Nossrat Peseschkian
Kişinin içinde bulunduğu her zorluk, her kriz veya hastalık, her çatışma felaket olarak görülür. Acı çekmek hayatının bir parçasıdır ve kişi acı çekmek ile acı çekmekle baş etmek için gereken çaba arasındaki farkı bilmiyor gibi görünür.
Annesine yüksek derecede duygusal bağımlı olan 16 yaşındaki kadın hasta ile terapötik diyalogta, tipik bir benlik portresi beşinci seansta çizildi.
Belli düzeyde kendi başına hareket edebilme hedefi için, annesiyle bağlanmasına dair çatışma içeren içerikler çalışıldı.
Aşağıdaki diyalog gelişti.
Hasta: “Seninle görüştüğümden beri işler kötüye gitti.
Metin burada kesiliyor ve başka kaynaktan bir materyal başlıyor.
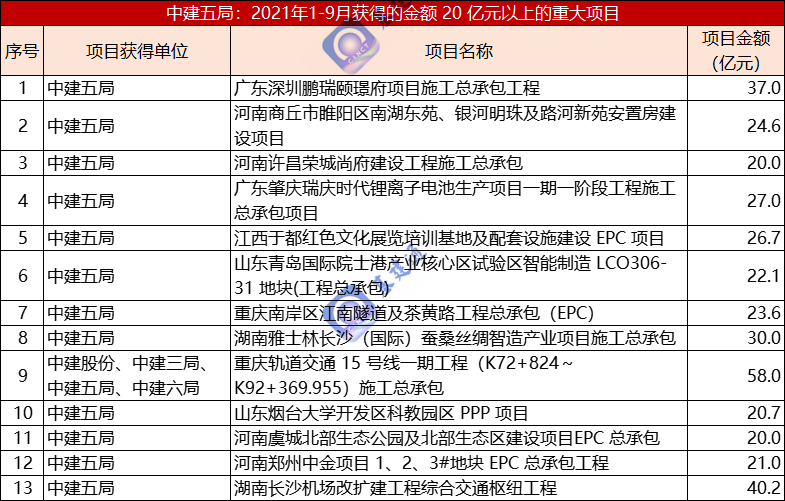 中建五局 1-9 月签下超 370 亿元的重大合同,在房建、市政、城轨交通和机场工程领域都有涉足。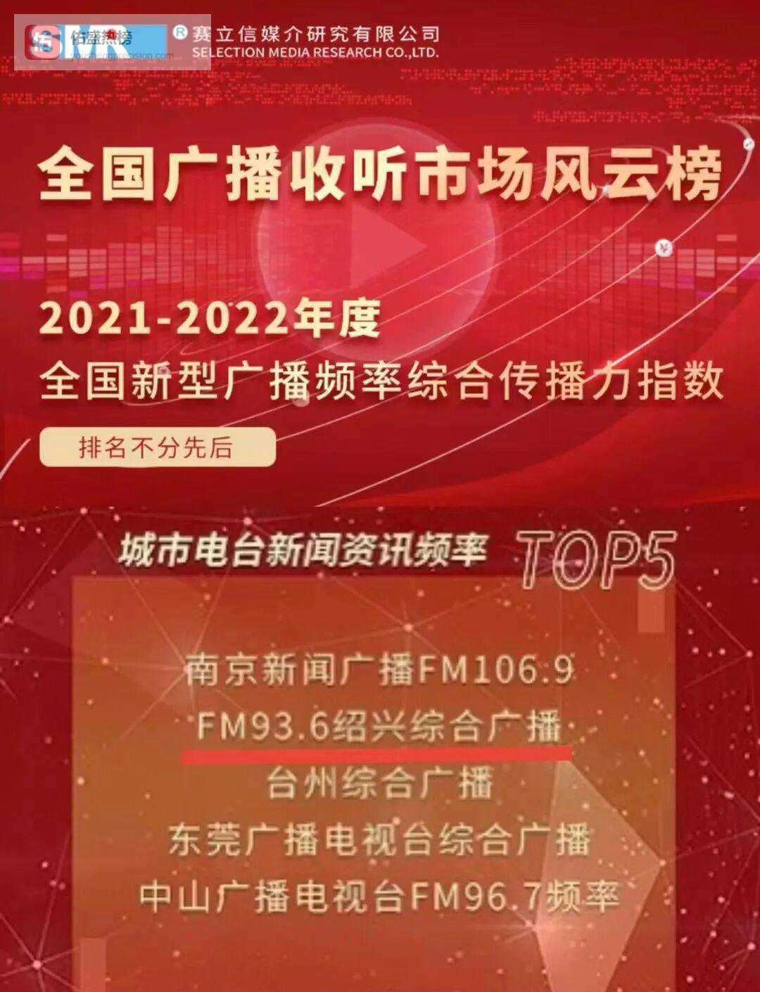 1月18日,赛立信发布“2021-2022年度全国广播收听市场风云榜”,绍兴市新闻传媒中心FM93.6绍兴综合广播再度晋级,连续四年跻身城市电台新闻资讯频率TOP5。同列前五的还有南京新闻广播FM106.9、台州综合广播、东莞广播电视台综合广播、中山广播电视台FM96.7。

Daha alıngan ve gergin hissediyorum.” Terapist: “Bu durum anlaşılabilir. Netleştirmek gerekirse, yıkılmak üzere olan eski bir villayı düşünelim. Yeni bir ev yapabilmemiz için, eski evin yıkılması gerekir. Bu da toz duman ve gürültü ortaya çıkarır. Eski tutum ve davranışlarımızda da benzer bir şey olur.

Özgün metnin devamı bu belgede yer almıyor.